§ **Dataset excerpt**
=== Section Start ===

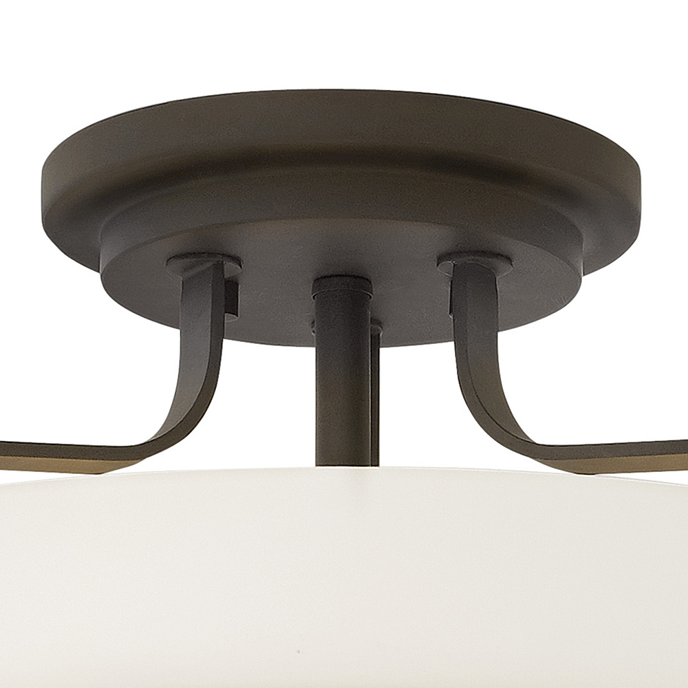 Harper’s sleek, retro design elevates the traditional ceiling mount with a unique clear seedy glass bound by a prominent metal ring and decorative knobs. Available in five classic finishes.
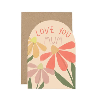A lovely curved card to celebrate your Mum, featuring flowers and the words 'Love You Mum' in pastel tones.
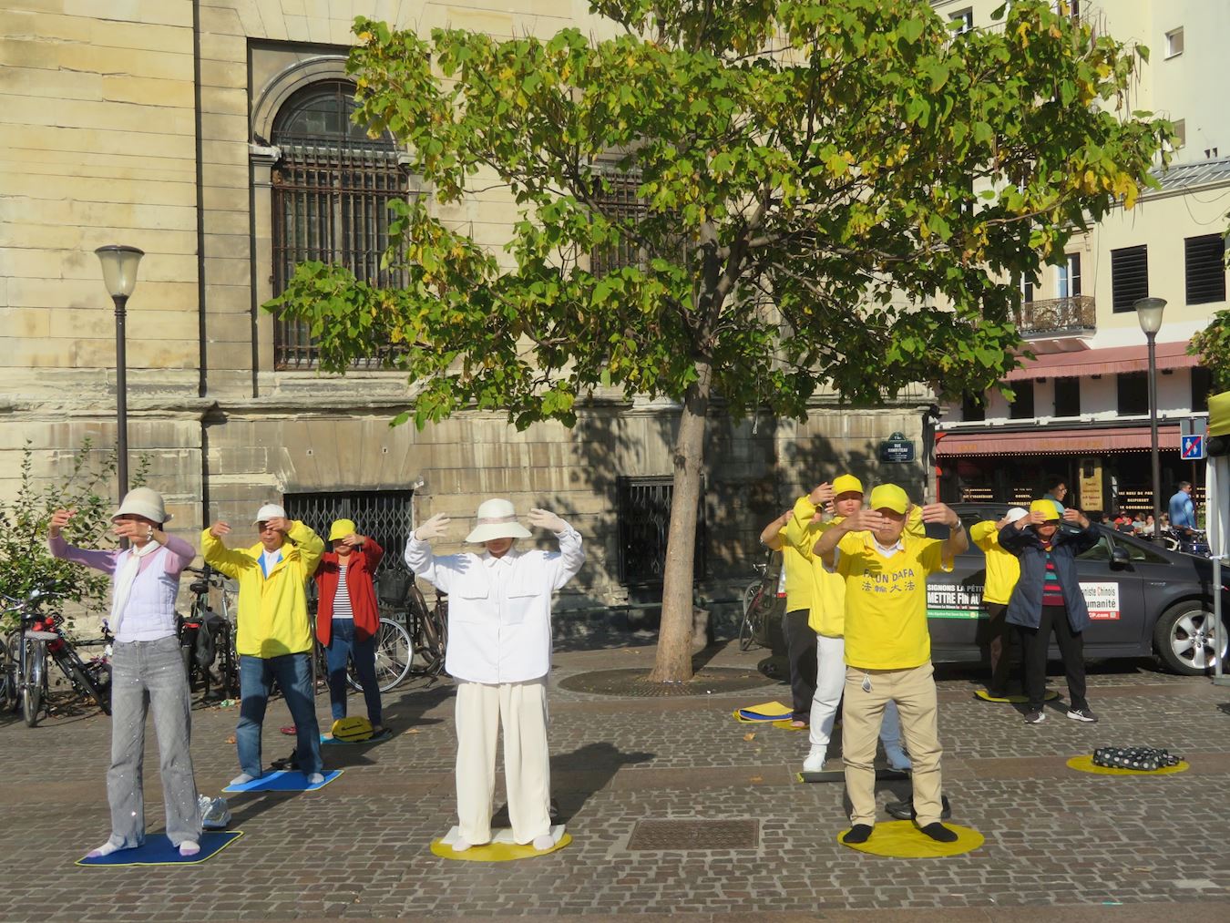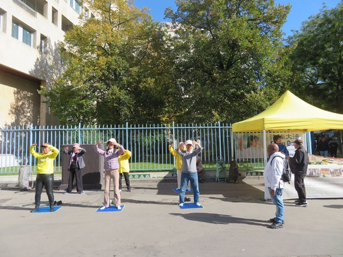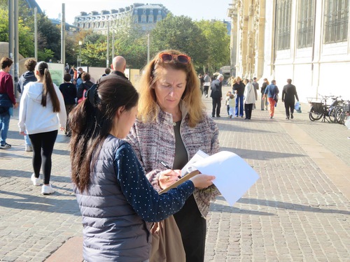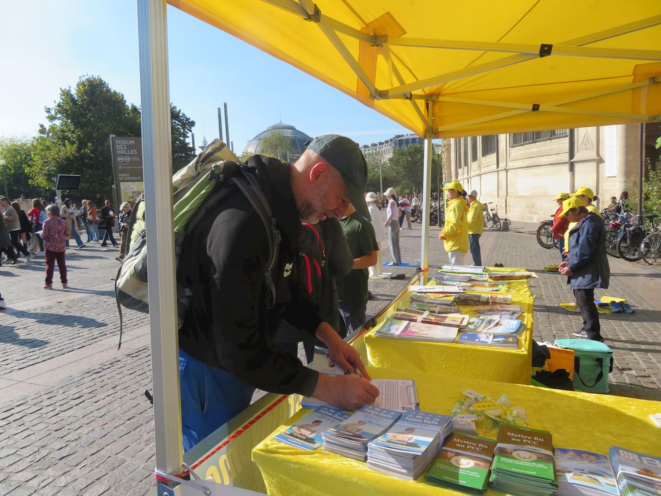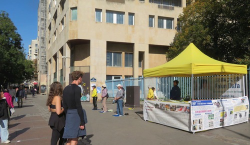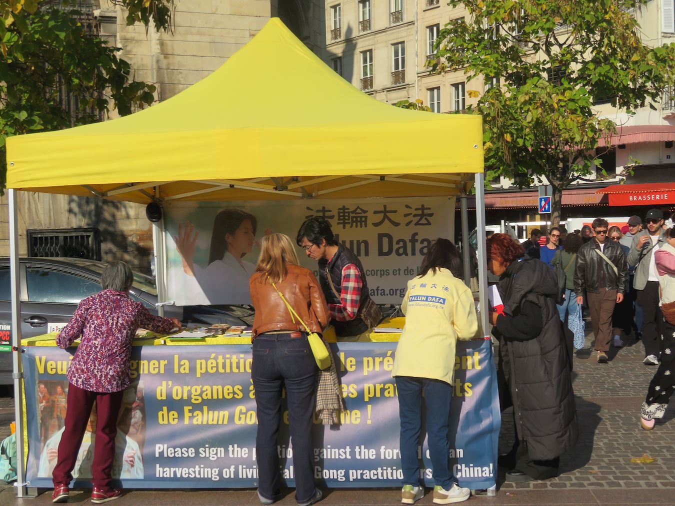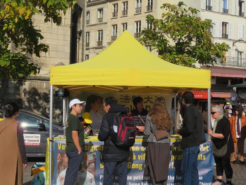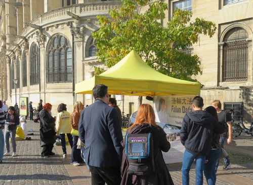 Ils ont présenté les exercices lors de l'événement au Châtelet le 11 octobre, et de nombreuses personnes se sont arrêtées pour les regarder. Nombre d'entre eux souhaitaient apprendre la pratique et ont noté les coordonnées des sites de pratique à Paris. Après avoir entendu parler du Falun Dafa et des prélèvements forcés d'organes sur des prisonniers d'opinion (dont la majorité sont des pratiquants de Falun Dafa) perpétrés par l'État, les gens ont exprimé leur indignation et signé une pétition appelant à la fin de la persécution.

=== Section End ===

§ **Your objective**
Starting with the first line of the material above and ending with the line that holds "A lovely curved", write out those lines exactly, without pictures.

§ **Answer below**
 Harper’s sleek, retro design elevates the traditional ceiling mount with a unique clear seedy glass bound by a prominent metal ring and decorative knobs. Available in five classic finishes.
A lovely curved card to celebrate your Mum, featuring flowers and the words 'Love You Mum' in pastel tones.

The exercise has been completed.